In this new post-corona era, there is a rising interest in technology’s impact on biases in human decisions. Do few or no human interactions reduce and even eliminate culture, racial, and other taste-based biases? In this series of blogs, I hope to provide more understanding on this question by discussing several recent research papers.
The first paper to discuss is D'Acunto et. al. (2020) where they find that automated robo-advising lending tools can reduce culture biases in the peer-to-peer lending process. Moreover, the reduction of cultural biases actually provides sizable economic returns to investors! Discriminating lenders face 32% higher default rates and about 11% lower returns on the loans they issued.
As their study uses a leading P2P platform in India, Faircent, let's first have a brief idea of the cultural bias in India.

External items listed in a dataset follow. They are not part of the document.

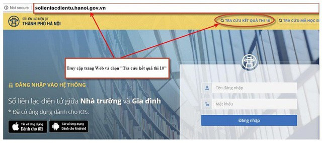 Bước 1: Truy cập trang web: www.solienlacdientu.hanoi.gov.vn và chọn “TRA CỨU KẾT QUẢ THI 10”:
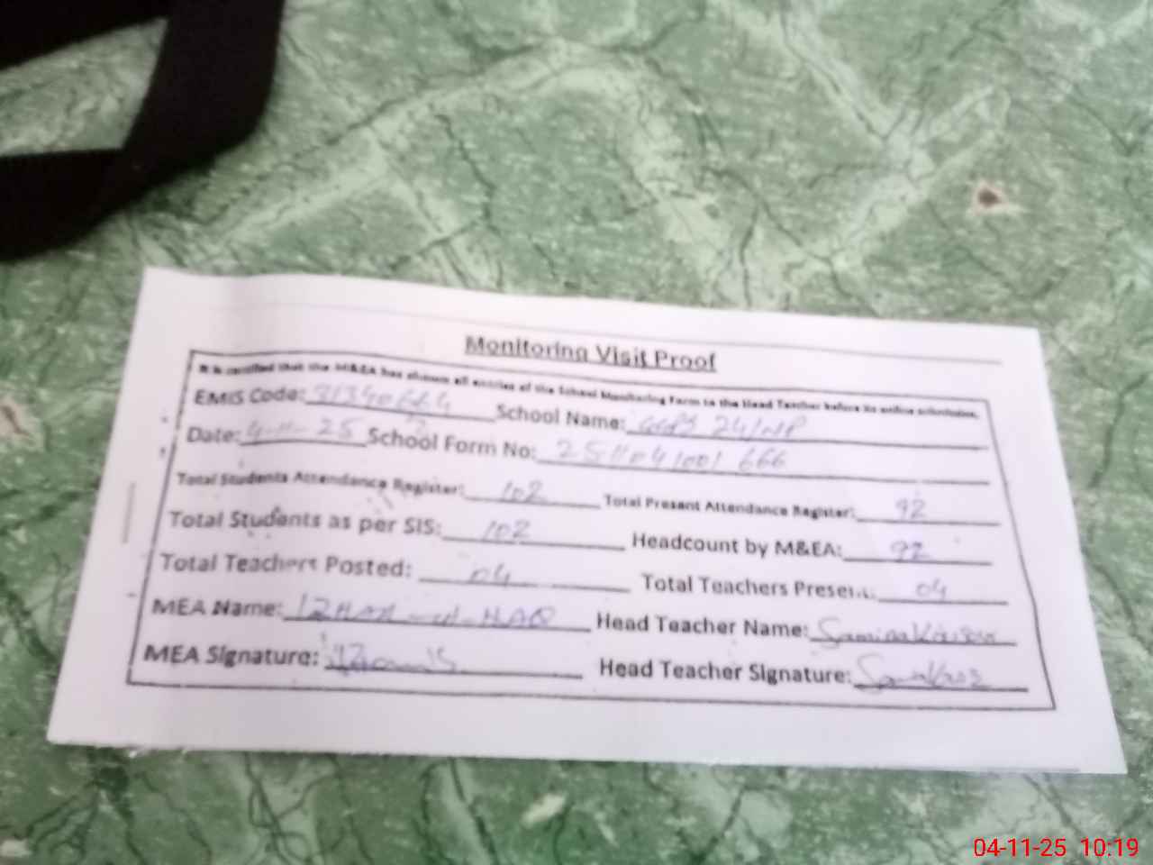 | EMIS Code: 31340664 | Name of School: GGPS CHAK NO.24/NP | |||
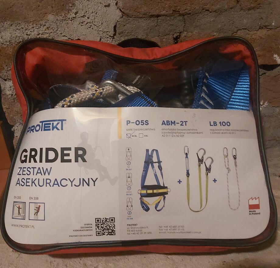 GRIDER - Zestaw powstrzymujący upadek do pracy w podparciu, do pracy na rusztowaniach - rozmiar szelek M-XL preferowany odb osobisty Boguchwała ewentualnie mogę wysłać pocztą polską za pobraniem na twój koszt przesyłka dodatkowoW skład zestawu wchodzą:
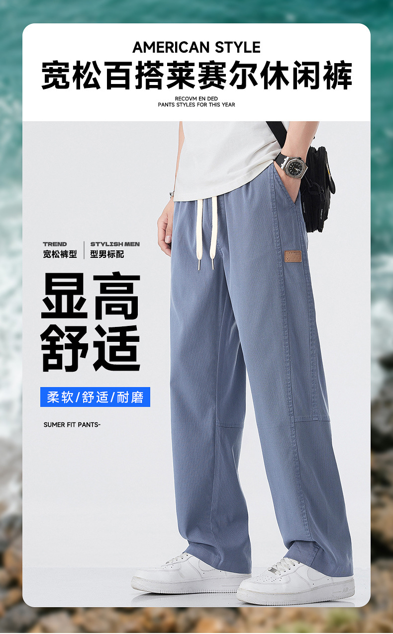 아이스 실크 청바지 남자 2025 새로운 Lyocell 느슨한 직선 다리 스포츠 캐주얼 바지 남자 봄과 여름 바지
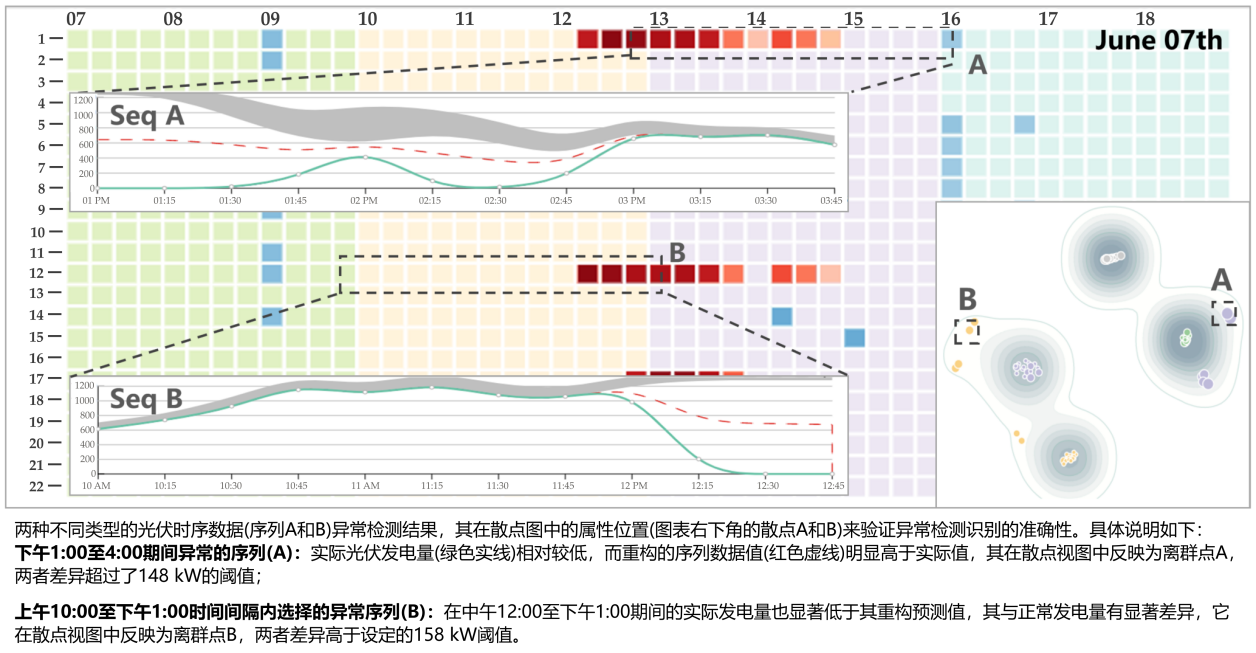 圖 4 光伏時序數據(序列A和B)異常檢測示意圖
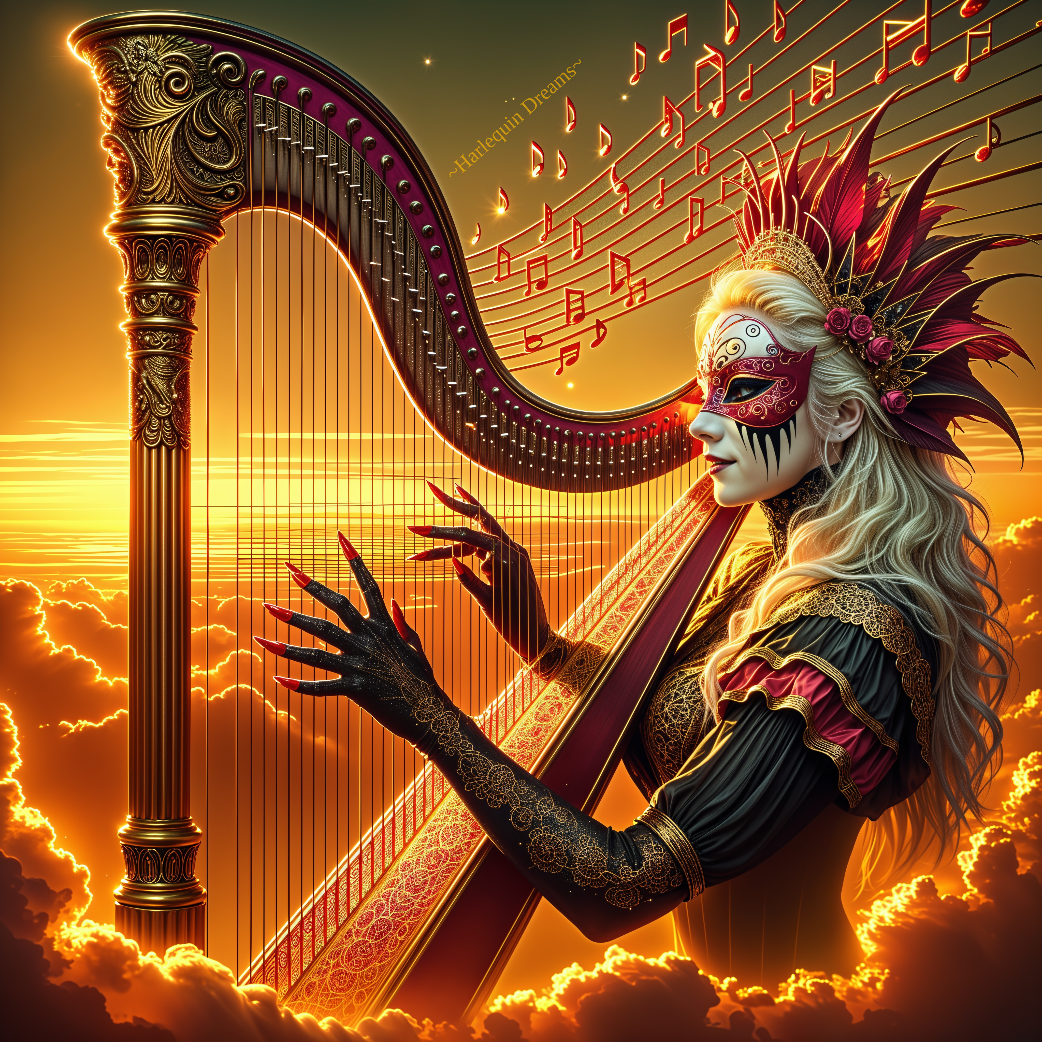 Mystical Harpist Beneath Sunset Skies
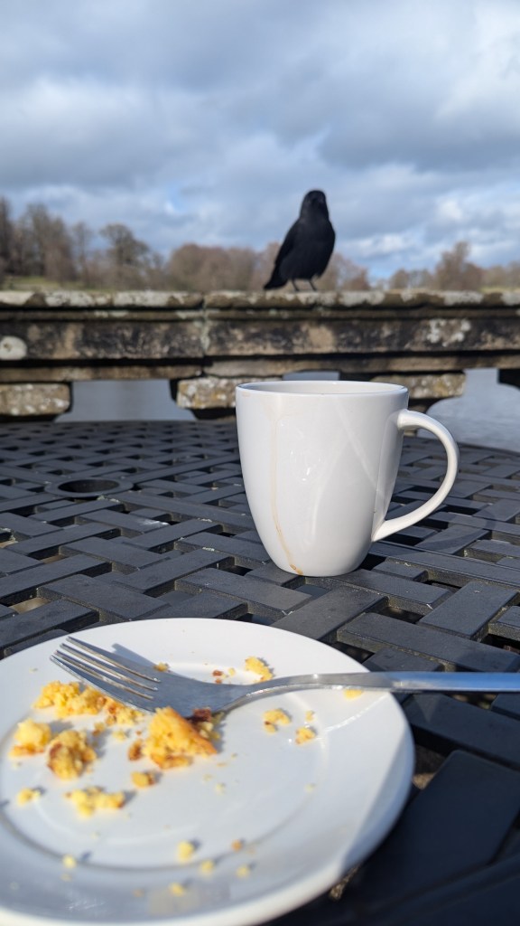 At the Studley tea room I had a shock as Mrs RM turned down my offer of drizzle cake; the unidentified bird waited for crumbs.
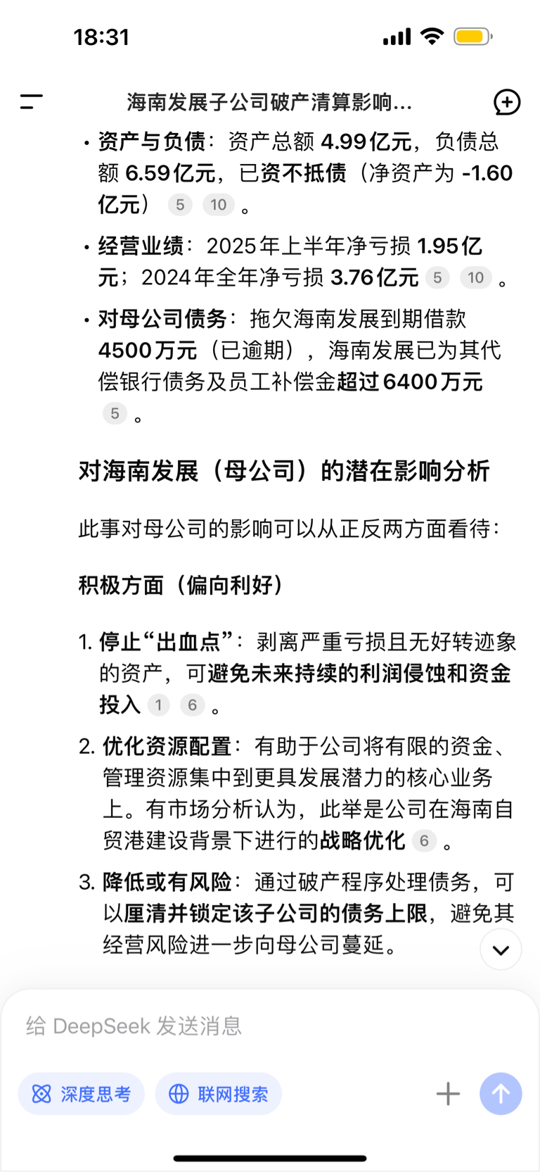 $海南发展(SZ002163)$ 子公司破产清算是把亏损业务剥离 及时止损 战略调整 小白们看看吧

https://www.culturalsurvival.org/publications/cultural-survival-quarterly/ethnic-and-religious-conflicts-india
https://www.pewresearch.org/fact-tank/2021/06/29/key-findings-about-religion-in-india/
https://en.wikipedia.org/wiki/Shudra
Their main findings are two folds.
Before investors use robo-advising, they detect two spiking patterns that are indications of culture-based discrimination in the lending process.
- Both Hindu and Muslim lenders tend to favor borrowers of their same religious relative to borrowers of the other group.
- Lenders are less likely to lend to borrowers who tend to be considered as Shudra borrowers.